Dungeness - 0930hrs - cool, sunshine/showers, cloudy, nw 2 - We`d just finished doing breakfast for our guest, and was about to head out over the local patch, when I received an excited phone call from Plodding Birder to the effect that he`d just found an American Flycatcher - at the fishing boats!!!
This prompted a rapid change of plan, and a speedy drive to the point, to join a small group of locals already watching/photographing said bird around the fishing boats and bulldozers. As with most tired, grounded migrants it was not shy, flying around the shingle snapping up insects and settling close by amongst the flotsam and jetsom of the fishing industry. Over the next couple of hours the sun broke through affording good photographic opportunities which should assist in making a specific identification of what is a notoriously tricky group of flycatchers.

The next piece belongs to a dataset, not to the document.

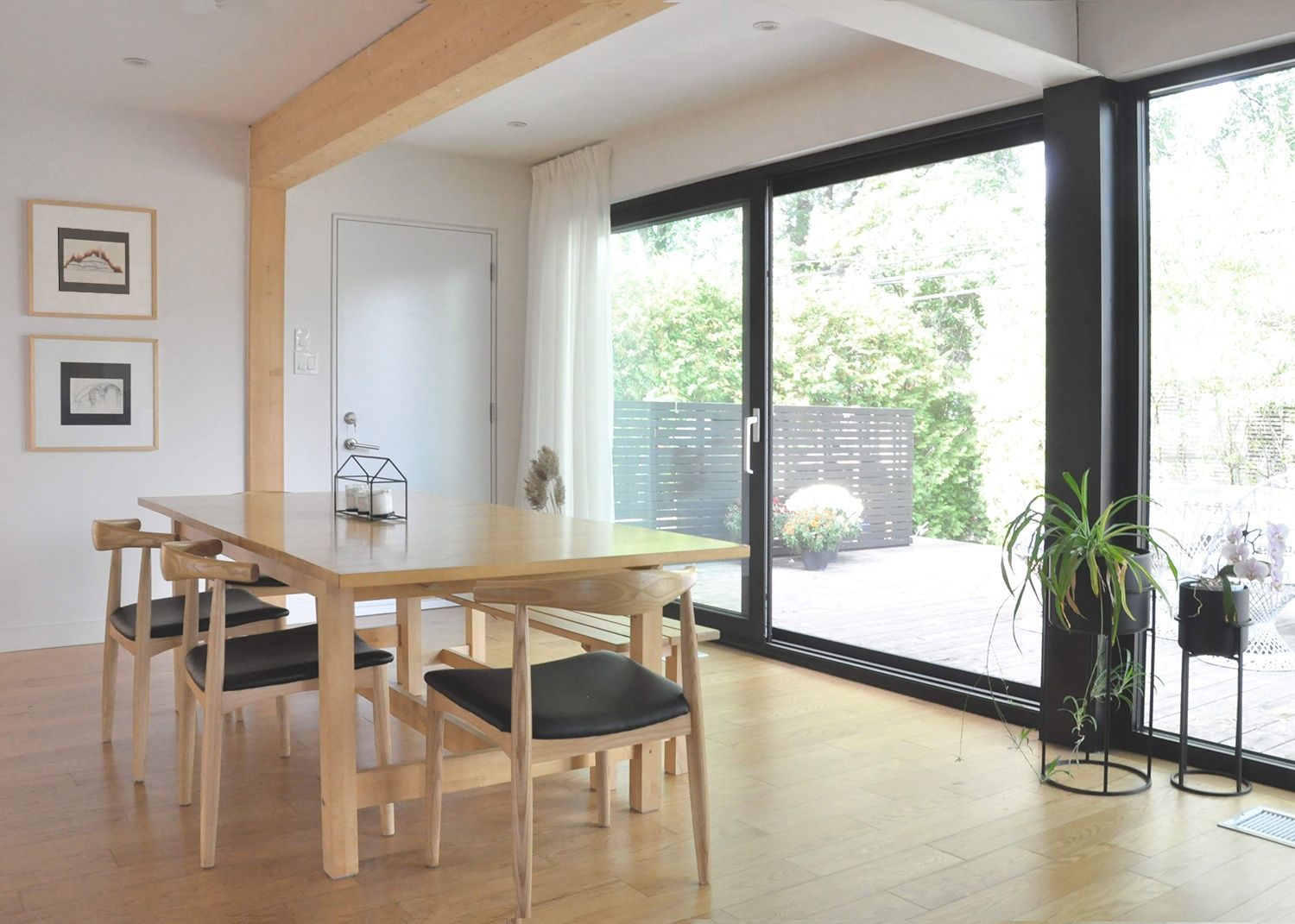 Le projet a consisté en une reconfiguration totale du rez-de-chaussée, transformant l’espace en un séjour à aire ouverte, propice à la vie moderne et conviviale. L’un des deux murs porteurs a été remplacé par une grande poutre structurelle qui traverse désormais la maison. La façade avant, en brique rouge, a été conservée pour préserver le charme et l’authenticité du bâtiment, tandis que la façade arrière a été réaménagée pour s’ouvrir complètement sur le jardin, grâce à l’installation de portes-fenêtres généreuses, offrant ainsi une connexion directe avec l’extérieur et maximisant la luminosité intérieure.

Now, I`m no expert on this genus of American flycatchers, having only seen an Alder Flycatcher before, in the spring at Jamaica Bay, USA, but looking at the pics we have to consider Alder/Willow or Yellow-bellied/Acadian Flycatchers. I haven't had a chance to have a good look online, but with reference to the Sibley guide (not always reliable) Alder/Willow both appear greyish on the upperparts and our bird appeared almost bright green at times with a yellowish wash to the underparts, which would suggest Yellow-bellied/Acadian. It also had a bright and complete eye-ring, a stoutish bill and long primary projections, which would lean towards the latter.
At one stage it pooed on a bulldozer, which was promptly collected for later analysis; presumably DNA can be extracted for a positive id.
We called back down the point this afternoon by which time the bird had moved inland to a private garden where an attendant army of twitchers had virtually encircled the place. Despite the drizzle it did show again, sallying forth to snap up insects, but the views were nothing like this morning. After a natter with a few old faces and another chat with the finder, Martin Casemore, (aka Plodding birder) we called it a day and headed for home. A great find Martin, whatever the final outcome on the id, and well deserved.
The phone didn`t stop ringing this evening, what with birders enquiring about the flycatcher, but in conversation with Stuart Winter of the Express newspaper, he was convinced that American birders who`d seen the pictures online confirmed it was a first autumn Acadian Flycatcher.